◆ Work instruction: When you reach the line below that has "福建省福州市,服務(wù)機", start returning lines exactly, and stop after the line that has "3. 其他疑问:若对题目显示"; skip the pictures.

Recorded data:

═══

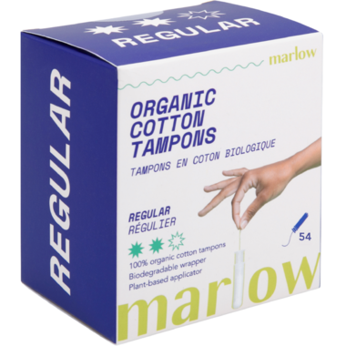 Canadian-founded Marlow Regular Tampons are thoughtfully designed for comfort, safety, and ease.
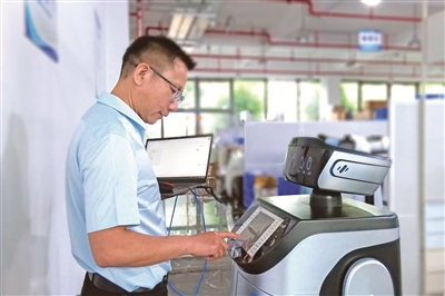 福建省福州市,服務(wù)機器人應(yīng)用技術(shù)員謝茂皇正在對機器人產(chǎn)品的功能進行調(diào)試。周磊 攝
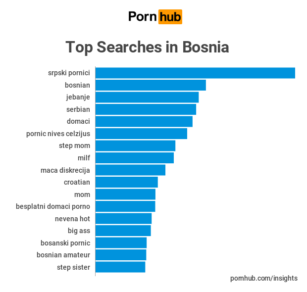 The most popular search in Bosnia is “srpski pornici”, followed by “bosnian”, “jebange” and “serbian”.
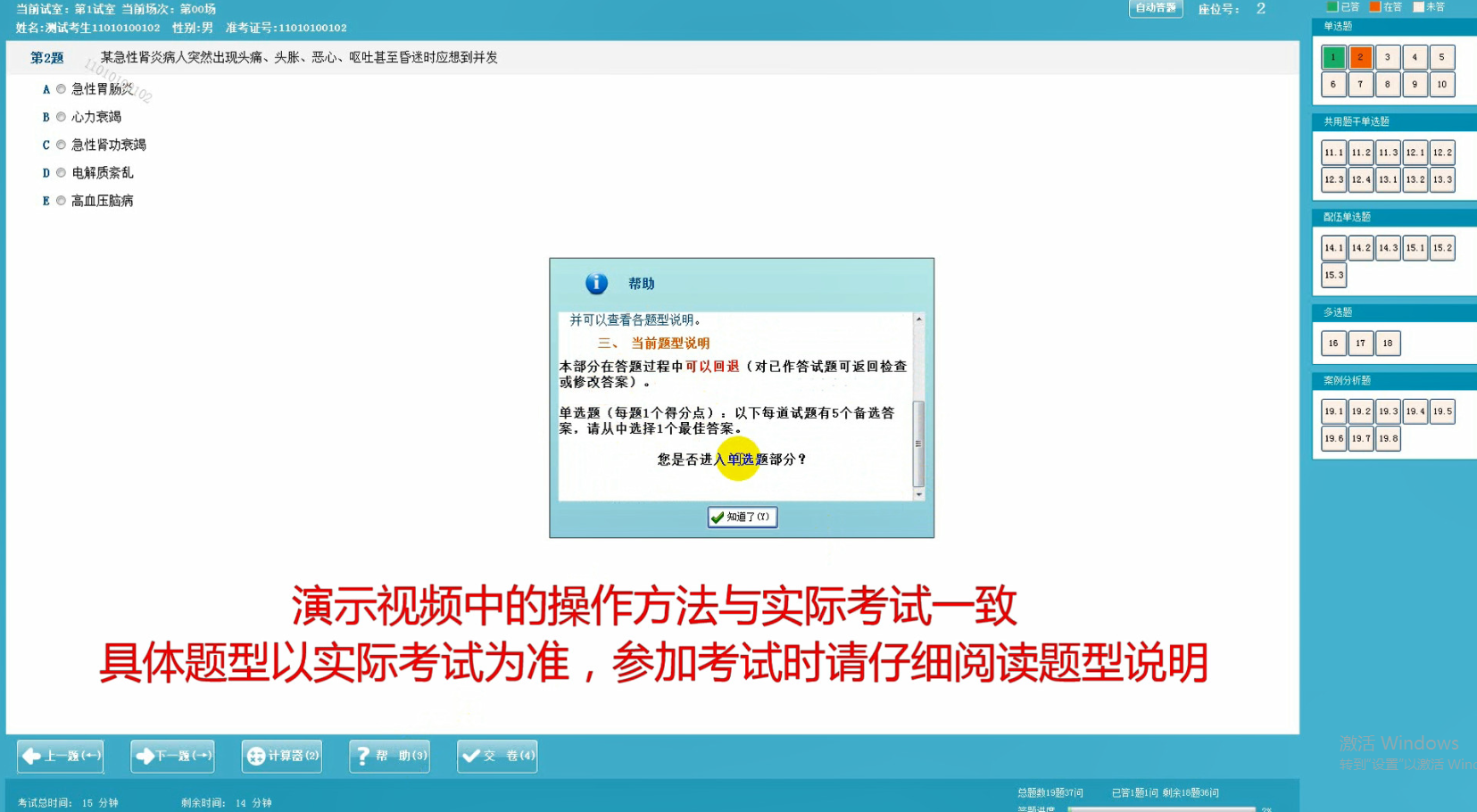 3. 其他疑问:若对题目显示、操作说明有疑问,可点击“帮助”按钮(或按键盘“3”键)查看操作说明和题型说明,不得询问与试题内容相关的问题,若仍有疑问,举手示意监考老师。
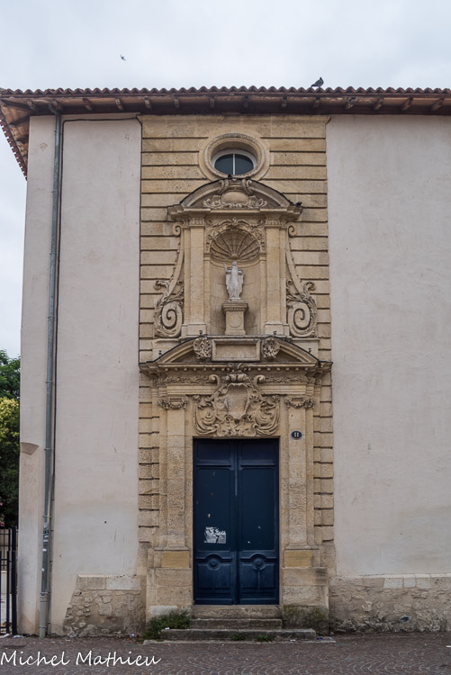 La façade, sans décor, est percée d’une baie flamboyante et d’un portail central
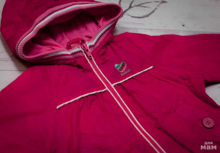 6. Ветровка «Waikiki» с капюшоном. Подкладка — хлопок. Трикотажные манжеты на рукавах, по низу куртки и на капюшоне. Размер 18-24 месяца (86-92 см). Цена 400 руб.
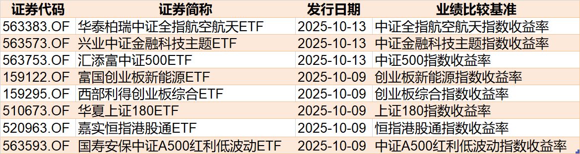 目前有8只ETF披露节后发行,跟踪标的有航空航天、金融科技、中证500、创业板新能源等。

═══

◆ Expected answer:
 福建省福州市,服務(wù)機器人應(yīng)用技術(shù)員謝茂皇正在對機器人產(chǎn)品的功能進行調(diào)試。周磊 攝
 The most popular search in Bosnia is “srpski pornici”, followed by “bosnian”, “jebange” and “serbian”.
 3. 其他疑问:若对题目显示、操作说明有疑问,可点击“帮助”按钮(或按键盘“3”键)查看操作说明和题型说明,不得询问与试题内容相关的问题,若仍有疑问,举手示意监考老师。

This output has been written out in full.